── Information supplied

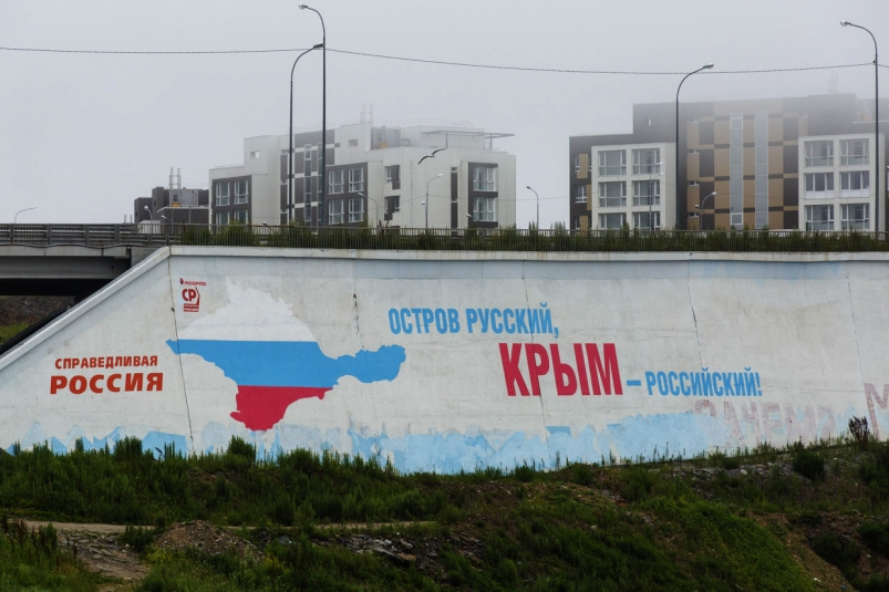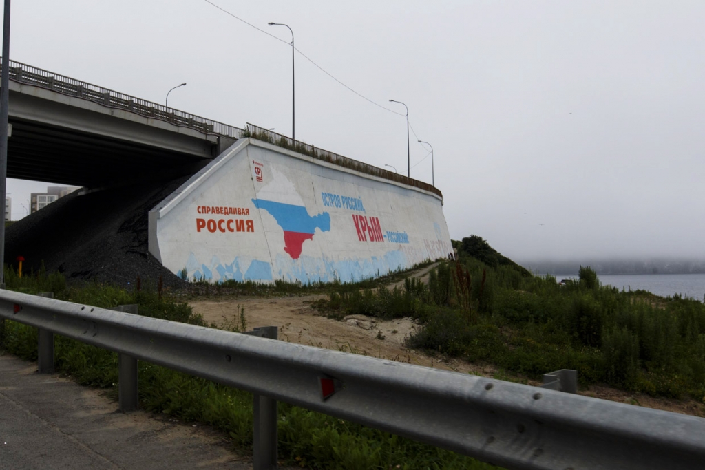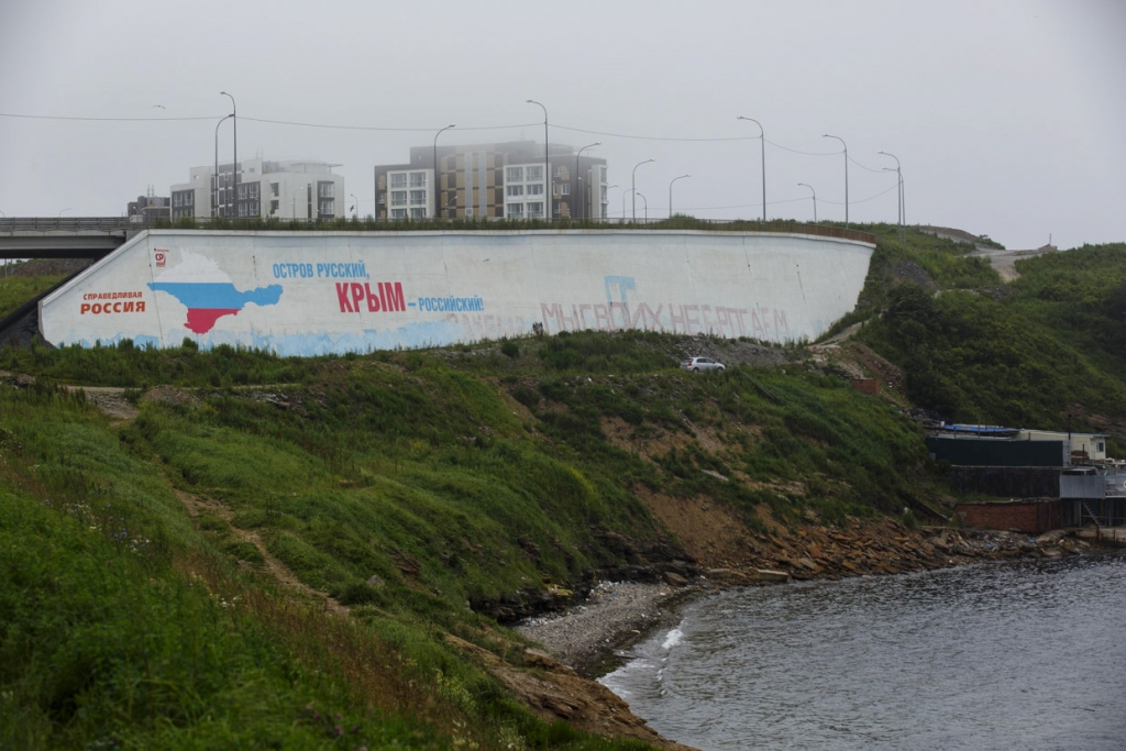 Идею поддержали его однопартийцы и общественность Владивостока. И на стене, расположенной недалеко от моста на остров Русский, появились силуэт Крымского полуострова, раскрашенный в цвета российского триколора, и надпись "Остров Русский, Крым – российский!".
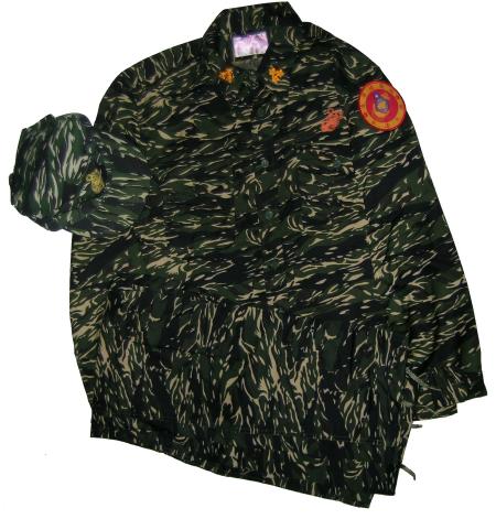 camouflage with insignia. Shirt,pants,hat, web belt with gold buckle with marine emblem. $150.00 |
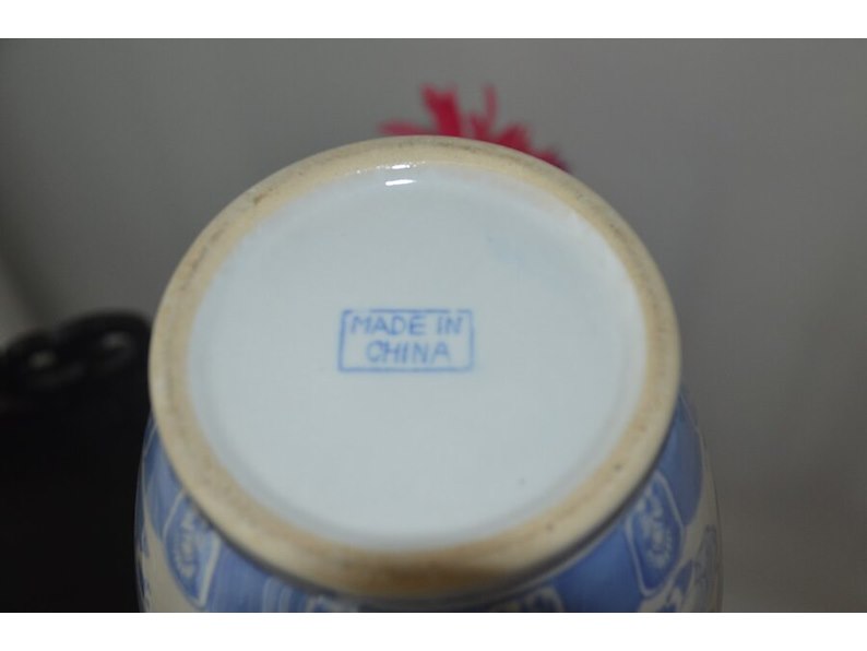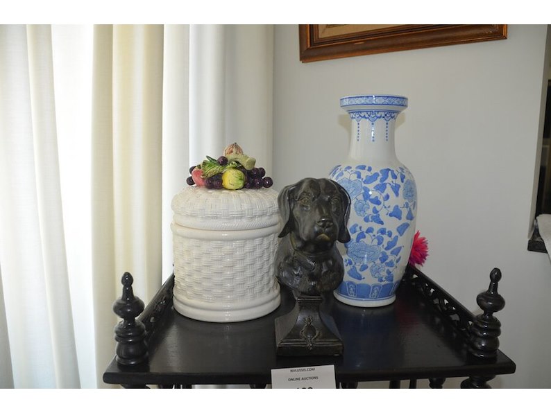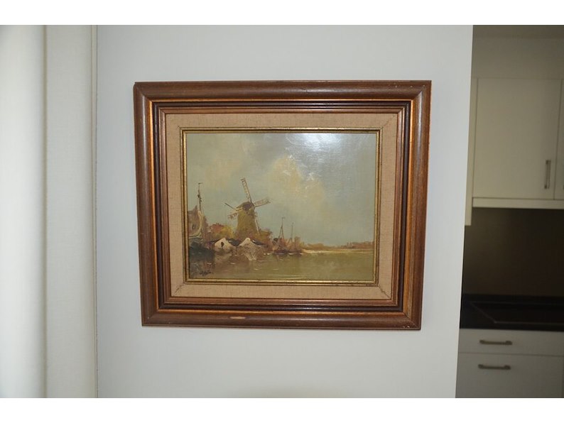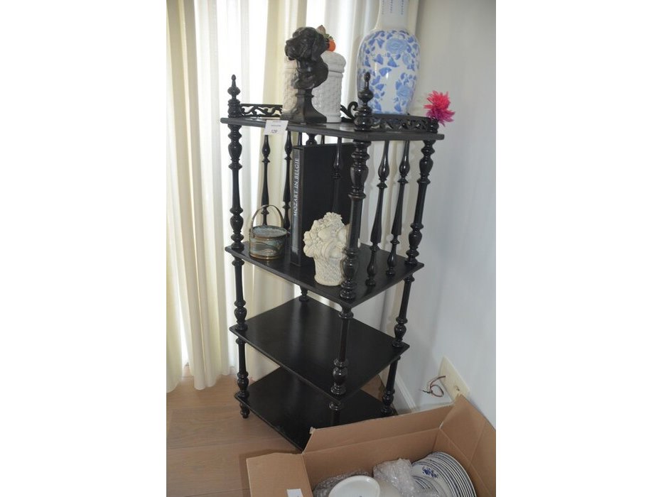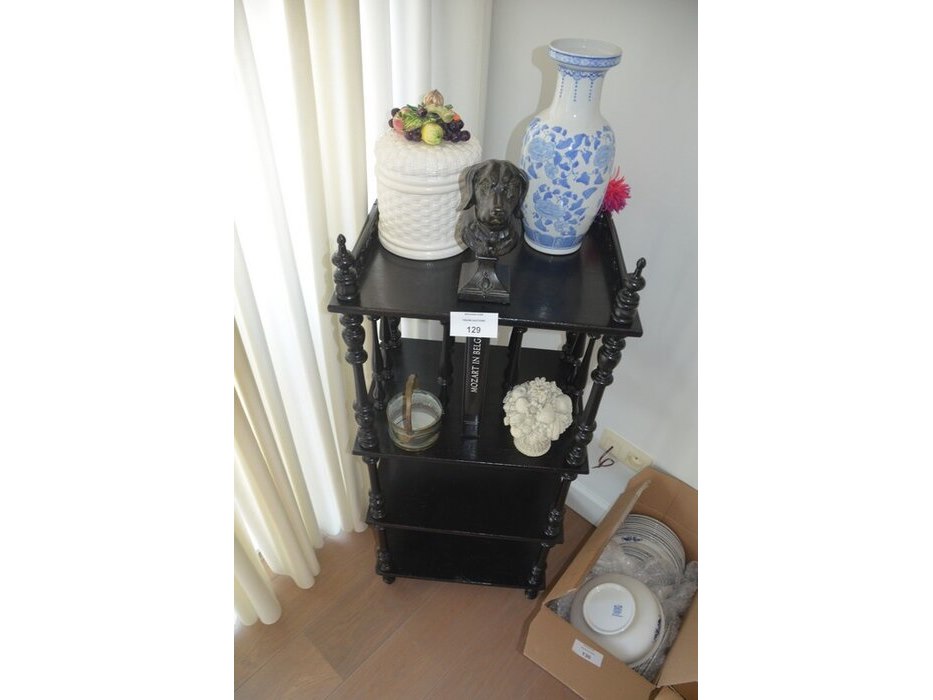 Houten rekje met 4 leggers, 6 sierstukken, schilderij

────
── Information supplied

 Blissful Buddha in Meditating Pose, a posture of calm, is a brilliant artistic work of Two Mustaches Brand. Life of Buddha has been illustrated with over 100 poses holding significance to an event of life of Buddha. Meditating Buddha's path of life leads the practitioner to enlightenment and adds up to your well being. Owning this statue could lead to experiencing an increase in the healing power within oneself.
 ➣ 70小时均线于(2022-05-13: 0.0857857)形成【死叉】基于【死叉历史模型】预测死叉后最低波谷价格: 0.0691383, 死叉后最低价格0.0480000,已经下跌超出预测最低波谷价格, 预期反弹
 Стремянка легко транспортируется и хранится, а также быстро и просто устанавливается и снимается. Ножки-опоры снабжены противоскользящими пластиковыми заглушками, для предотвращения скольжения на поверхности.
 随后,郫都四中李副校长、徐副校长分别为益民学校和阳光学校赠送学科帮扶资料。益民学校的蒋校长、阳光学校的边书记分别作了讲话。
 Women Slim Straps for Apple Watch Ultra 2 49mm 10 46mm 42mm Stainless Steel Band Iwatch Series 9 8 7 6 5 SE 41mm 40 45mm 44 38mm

────
── Information supplied

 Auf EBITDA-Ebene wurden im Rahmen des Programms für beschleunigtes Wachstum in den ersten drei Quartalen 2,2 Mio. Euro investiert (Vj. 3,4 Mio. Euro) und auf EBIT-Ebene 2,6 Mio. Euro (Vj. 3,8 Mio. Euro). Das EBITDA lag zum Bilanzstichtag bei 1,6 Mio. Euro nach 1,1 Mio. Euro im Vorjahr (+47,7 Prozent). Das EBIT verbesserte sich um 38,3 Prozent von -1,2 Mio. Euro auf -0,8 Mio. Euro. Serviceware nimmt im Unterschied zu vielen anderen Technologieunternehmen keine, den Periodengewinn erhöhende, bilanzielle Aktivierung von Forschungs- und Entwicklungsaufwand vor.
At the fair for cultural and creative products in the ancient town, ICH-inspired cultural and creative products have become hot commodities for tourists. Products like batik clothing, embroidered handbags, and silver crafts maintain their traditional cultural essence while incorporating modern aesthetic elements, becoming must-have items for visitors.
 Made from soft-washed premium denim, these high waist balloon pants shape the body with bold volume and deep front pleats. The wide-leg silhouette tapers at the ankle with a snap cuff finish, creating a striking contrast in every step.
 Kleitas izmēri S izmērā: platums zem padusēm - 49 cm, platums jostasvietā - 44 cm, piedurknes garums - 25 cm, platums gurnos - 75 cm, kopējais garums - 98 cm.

────

— Assignment —
Return, exactly as they stand, the lines above from the one with "Идею поддержали его" to the one with "Houten rekje met", omitting any pictures among them.

— Output for this task —
 Идею поддержали его однопартийцы и общественность Владивостока. И на стене, расположенной недалеко от моста на остров Русский, появились силуэт Крымского полуострова, раскрашенный в цвета российского триколора, и надпись "Остров Русский, Крым – российский!".
 camouflage with insignia. Shirt,pants,hat, web belt with gold buckle with marine emblem. $150.00 |
 Houten rekje met 4 leggers, 6 sierstukken, schilderij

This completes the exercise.